5. The method according to any one of claims 1 to 4, wherein the rejecting at least one channel group in the neural network to be trained to obtain a target neural network based on the network size limitation information and the importance degree information of each channel group comprises:

acquiring network scale information corresponding to a channel group;

6. The method according to claim 5, wherein the rejecting at least one channel group in the neural network to be trained based on the network size limitation information, the network size information, and the importance degree information of each channel group comprises:

7. The method of claim 6, wherein said culling the target number of channel groups based on the importance information comprises:

8. The method according to any of claims 1 to 7, wherein the network size restriction information comprises at least one of:

9. An intelligent driving method, comprising:

acquiring a road image;

detecting the road image by using a target neural network generated by the neural network generation method of any one of claims 1 to 8 to obtain a target object;

10. A neural network generating apparatus, comprising:

and the channel removing module is used for removing at least one channel group in the neural network to be trained to obtain the target neural network based on the network scale limit information and the importance degree information of the channel group.

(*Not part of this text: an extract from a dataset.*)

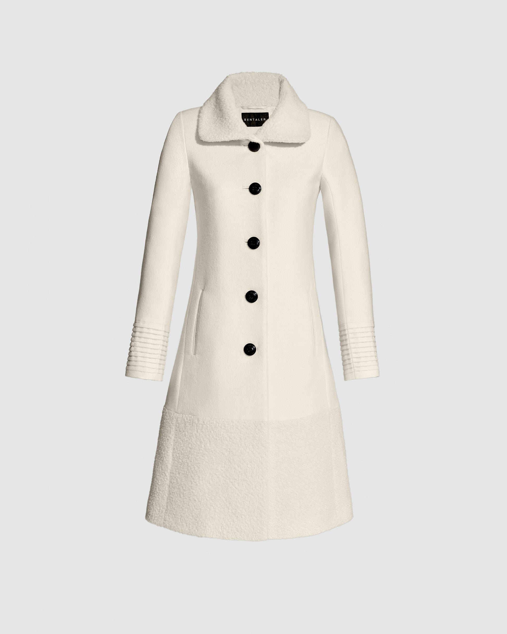 Baby Alpaca Empire Waist A-line Coat with Bouclé Alpaca Collar and Trim

11. An intelligent travel apparatus, characterized by comprising:

the acquisition module is used for acquiring a road image;

a detection module, configured to detect the road image by using a target neural network generated by the neural network generation method according to any one of claims 1 to 8, so as to obtain a target object;

12. An electronic device, comprising: a processor, a memory and a bus, the memory storing machine-readable instructions executable by the processor, the processor and the memory communicating over the bus when the electronic device is running, the machine-readable instructions, when executed by the processor, performing the steps of the neural network generating method of any one of claims 1 to 8, or performing the steps of the intelligent driving method of claim 9.

13. A computer-readable storage medium, characterized in that a computer program is stored thereon, which computer program, when being executed by a processor, performs the steps of the neural network generating method according to any one of claims 1 to 8, or performs the steps of the intelligent driving method according to claim 9.